Any reason why you did VEP and VEP_plugins separately?

It's a design choice. the VEP_plugins is just an install script.

./pvacseq.simg inspect VEP_plugins
{
    "VEP_plugins": {
        "appinstall": [
            "    /bin/bash -c \"source activate /scif/apps/pvacseq\"",
            "    cd ..",
            "    git clone https://github.com/Ensembl/VEP_plugins.git && cd VEP_plugins",
            "    pvacseq install_vep_plugin ${SCIF_APPROOT}  ",
            "    /bin/bash -c \"source deactivate\""
        ]
    }
}

If a user wanted VEP without the plugins, now they are done separately.

I think that VEP installation may be require modifications.

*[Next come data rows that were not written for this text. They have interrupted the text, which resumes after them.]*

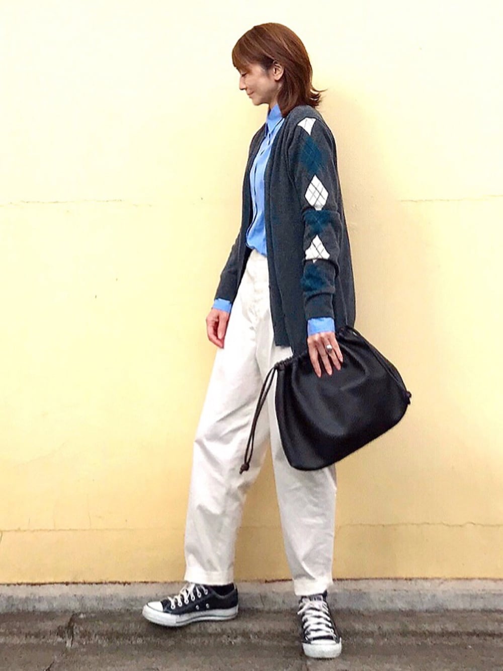 グレー × ブルー 肩にアーガイル柄がついてるカーディガンは、一癖あってお気に入り◎何年か前のle ciel bleu のものです。 大切に着ています◎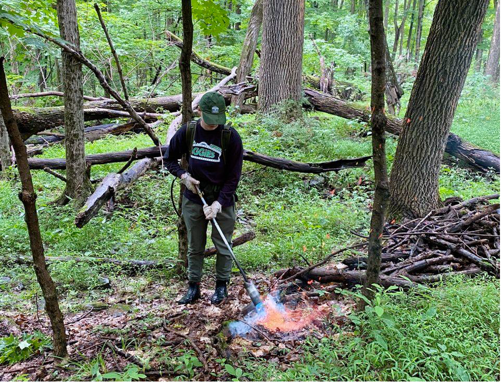 Shown: A backpack torch being used to control Japanese Barberry (invasive species). This work must be done carefully, but it is an important tool in our stewardship toolbelt! One of the biggest benefits of this practice is that spot-burning can be applied to a single plant or a small population of plants with little to no disturbance to the surrounding vegetation.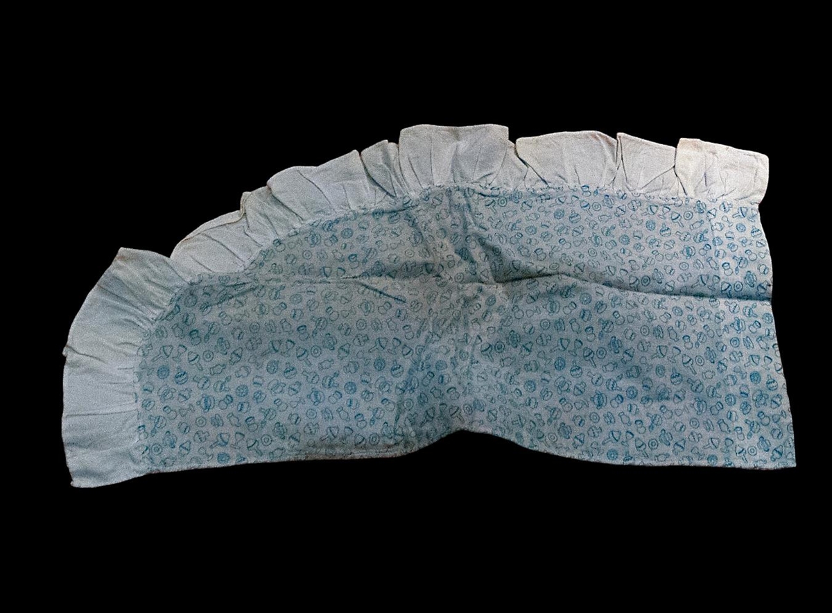 Ein stök gardína sem er hvít í grunninn með bláu munstri og hvítri pífu en hinn vænginn vantar.
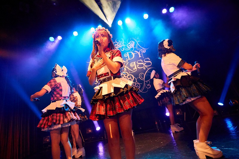 お馴染みのメンバーコールを組み入れたSEが流れだすや、フロア中から熱い声が張り上がる。ライブは、グループ名を冠した曲であり、READY TO KISSがメジャー最初のシングルとして発売した『READY TO KISS』からスタート。今宵の彼女たちは、とてもかわいいレディメイド姿。年齢はさておき、いつまでも恋に恋する乙女心を歌う彼女たちにとても似合う装いだ。メンバーらが愛らしい声で「君に キスしてもいいですか」とせまるたびに胸がキュンと鳴るのもお約束。いつの時代でも、どんな編成だろうと、いつだって彼女たちはハートをときめかせる魔法をかけていく。そこに、READY TO KISSの魅力を覚えずにいれない。

Agreed! Go for it. I don't know any of this software or the domain, so you are lead on this. If you've never collaborated on Github, you need to fork the repo, clone to your computer, checkout a new branch, make the change, commit and push to your remote, and then PR (pull request) the new feature to the master branch. Here you can read about the Github Flow if you need detail.

https://guides.github.com/introduction/flow/

So lets say I want to edit things, I see now: a docekr file, a scif file on github and a singularity file on singularity hub. How should I go about changing this? should I copy your git and modify it? then what? should I add the singularity file to it? then I should connect the repository to git?

You just read my mind, or I read yours? Haha. yes!! This is exactly what we can do. You can at this point just make changes to the Dockerfile and scif recipe, and don't worry about the Singularity file. Please read about the Github flow above to understand the "connection to git" - by way of being a repository (with a .git folder) it is already connected.

I read the documentation(s) carefully. I haven't seen any example of using scif as entry point to a docker, I thought that it is built in singularity. I understand that you did this for speed of development, but I need to understand how to modify that now.

You modify the scif via its recipe. The SCIF from the container that we built comes entirely from the Docker layers. You can just ignore the Singularity (singularity.lbl.gov) docs about SCIF and apps, we are using the client desribed here: https://sci-f.github.io/ The entire installation happens for both containers in the Dockerfile, like this:

# This installs the client
RUN pip install scif

# This adds the recipe file to the container
ADD pvacseq.scif /pvacseq.scif

# This installs everything, that's it! So edit this file.
RUN /opt/conda/bin/scif install /pvacseq.scif

It seems that singularity/scif is in its very early days, so I want to make a suggestion for a tutorial that will make it very easy to learn and appealing to people in comp. bio.

That would be great! I'm actively working on these things around the clock, at least for domains I'm familiar with. If you might be able to contribute a comp bio tutorial, I will be glad to help and publish on the examples site here --> https://sci-f.github.io/apps/blog/

Say my goal is this: I have a file with illumina reads. I want to map the reads using START to the human genome and then I want to filter the reads that map to chromosome 1 using a python 2 script and output this into a file (I imagine that both are done in the same python2 conda environment). Then, I want to to run a script in python 3 that goes over the file and outputs a table in a file that indicate how many reads mapped to 0-1Mb, 1-2Mb, ect. (using a different conda environment)

This is very possible, and requires someone with domain experience such as yourself!

and take that from the start to the end -

Of course this is just my made up example but it will be very helpful to have a full development flow tutorial (i.e. instructing how to write the Singularity file, how to upload, how to pull how to run, how to look at the files etc. ) much easier (for me) than connecting dots from the singularity hub, singularity tutorial, docker tutorials and such. Anyway - just an idea that I think will be helpful, feel free to ignore if you don't think this is required :)

I will continue to do my best. If you find more hours in the day, please send them over with snacks.